A group of 200 patients was prospectively enrolled and followed for a minimum of 6 months. Two- or 3-day brachytherapy was associated with low acute or subacute toxicity, 97.25% excellent or good cosmetic outcomes, and excellent local control in select breast cancers.

Conclusions:

Ultrashort breast brachytherapy is dosimetrically feasible and can be delivered with excellent short-term tolerance and low toxicity.

Introduction

Breast conservation therapy (BCT) results in survival rates equal to those of mastectomy in women with early-stage breast cancer.^1-5 Adjuvant radiation therapy (RT) is a necessary component of BCT and is associated with a modest improvement in breast cancer mortality. Although the original BCT studies used whole-breast irradiation (WBI), consensus statements from the American Society of Radiation Oncology and others^6,7 support accelerated partial breast irradiation (APBI) as a standard-of-care option in selected women with early-stage breast cancer.
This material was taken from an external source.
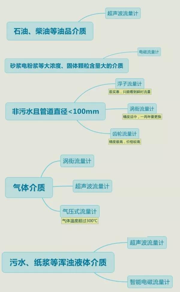 為了保證流量?jī)x表在生產(chǎn)現(xiàn)場(chǎng)過程中發(fā)揮*好、*精確的使用,工業(yè)水流量計(jì)的選擇,一般情況下,必須要根據(jù)生產(chǎn)現(xiàn)場(chǎng)需要計(jì)量的介質(zhì)而定。這是凱銘儀表根據(jù)所測(cè)物的介質(zhì)不同所做的圖,望收藏。

Modern brachytherapy with appropriate selection criteria was the first method introduced for APBI.⁸ Initially, the treatment was given with low-dose-rate seeds or strands of ¹⁹²Ir while the patient was in isolation in a shielded hospital room. High-dose-rate brachytherapy with a remote afterloader allowed twice-daily treatments that average 7 to 15 minutes for each session, all delivered as outpatient treatment. Since then, there have been single-institution studies,^9-14 registry trial data,^15,16 and a prospective phase 2 cooperative group trial (RTOG 95-17),¹⁷ all of which have provided evidence for brachytherapy APBI as an equivalent to the historical standard of whole-breast radiation therapy. A large, well-designed, maturely reported European randomized trial (GEC-ESTRO) demonstrated noninferiority of interstitial brachytherapy APBI compared with standard WBI.¹⁸

An alternate modality of APBI is to deliver a single fraction of RT intraoperatively after partial mastectomy. The TARGIT-A trial reported results with this approach using a spherical applicator to deliver a single dose of 20 Gy at the applicator surface with 50 kV X rays,¹⁹ which delivered approximately 5 to 6 Gy at a 1-cm depth into tissue. In the Italian approach to intraoperative RT, a single intraoperative fraction of 21 Gy is delivered using high-energy electrons.²⁰ The ELIOT trial randomized patients between intraoperative electrons and WBI. With a median follow-up of 5.8 years, the ipsilateral in-breast recurrence rate was 5.3% for the intraoperative electron group versus 0.7% for the whole-breast radiation therapy group, which represented a statistically significant difference. Similarly, the TARGIT trial randomized patients between whole-breast and intraoperative electronic brachytherapy and, at a median follow-up of 29 months, the difference in breast recurrence rate was 1.3% versus 3.3%, also a statistically significant difference. For the TARGIT trial, insufficient dose may be the likely explanation, whereas for the ELIOT trial, the higher-risk patient population probably factored into the difference.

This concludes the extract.